Exercise prompt -
Exactly the lines from the one holding "THE COASTLINE, LANDSCAPE" through the end of the material below must be printed, nothing more, and the pictures must be dropped.

Recorded data -

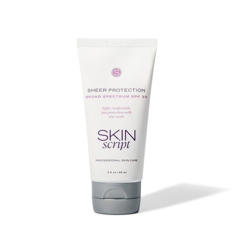 Skin Script Sheer Protection SPF 30 is a light cream, sheer mineral sunblock that provides both UVA/UVB protection for all skin types.
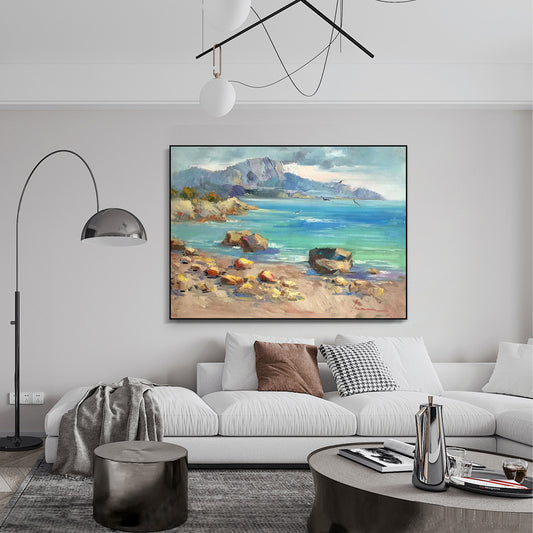 THE COASTLINE, LANDSCAPE PAINTING, HAND-PAINTED CANVAS
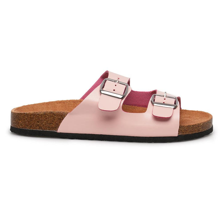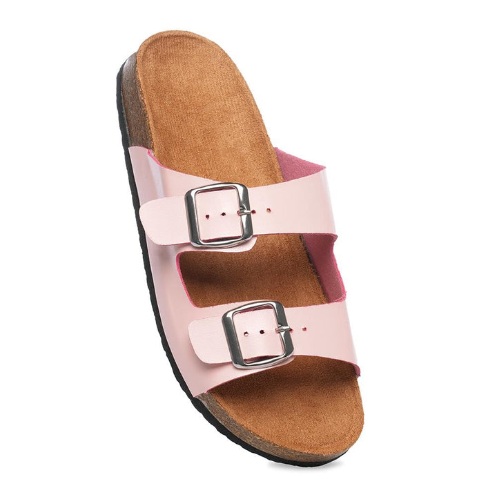 A2Z Womens Open Toe Footbed Sandals Slip On Double Strap Buckle Cork Slide Mule
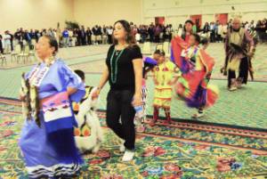 Visitors and friends attended the Monday evening cultural presentation. This is quite an accomplishment on a night that frequently has a different focus: Saint Patricks Day. This is a wellness conveyance and as such many of the attendees are committed to sober and drug free environments. The drums filled the large room with beautiful songs for the dancers to lift their hearts and move the feet to the beat of the of our Mother Earths heartbeat.

Answer to the problem -
 THE COASTLINE, LANDSCAPE PAINTING, HAND-PAINTED CANVAS
 A2Z Womens Open Toe Footbed Sandals Slip On Double Strap Buckle Cork Slide Mule
 Visitors and friends attended the Monday evening cultural presentation. This is quite an accomplishment on a night that frequently has a different focus: Saint Patricks Day. This is a wellness conveyance and as such many of the attendees are committed to sober and drug free environments. The drums filled the large room with beautiful songs for the dancers to lift their hearts and move the feet to the beat of the of our Mother Earths heartbeat.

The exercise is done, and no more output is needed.